Cap Theorem
- It is the Desirable property of distributed System with replicated data.
C - Consistency A - Availability P - Partition Tolerance
- We can use CA , CP or AP. but not CAP.
- Why we cannot use all the three at once??
- Consistency: After successful write in any node, the data should be same in any other node.
- Availability: All nodes should be available.
- Partition Tolerance: a partition indicates a communication break between two nodes. Partition tolerance means the system continues to operate despite network partitions.
Master-Slave
- When there is some partition issue, then there will be no consistence then only AP.

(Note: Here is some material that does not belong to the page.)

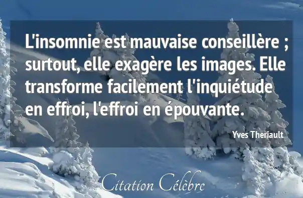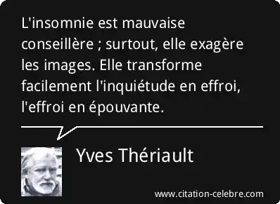 L'insomnie est mauvaise conseillère ; surtout, elle exagère les images. Elle transforme facilement l'inquiétude en effroi, l'effroi en épouvante.

- When one node is down, then there is no Availability , then only CP.
- data from master to slave is asynchronous.
- less writes,more reads
- If the user access the data currently, he wrote something and if he immediately accesses the data , then it the data will be accessed from slave.
- If he accesses the data even before the data is sent from master to slave.So whatever we have written in master will not be available in slave. So he will not able to get it think it as a bug or inconsistency.
- This is not a consistent system.
Sharding
- In this case there is no master and slave, but all data is divided into different segments.
- Figuring out the sharding key is the important task.
- Suppose we want to store user info, then we can take username as the sharding key. For example the username starting with A-I will be in shard-1, J-S in shard-2 and T-Z in shard-3.
- So all the data is distributed. Through this approach we can scale both the read and write operations by n times. In this case n is 3. so we can scale this by 3 time.
- The problem in this setup is :
- If most data is pushed into shard-1, then this particular instance will have heavy load.
- If the data in the shards be joined then there should be a network call between the shards.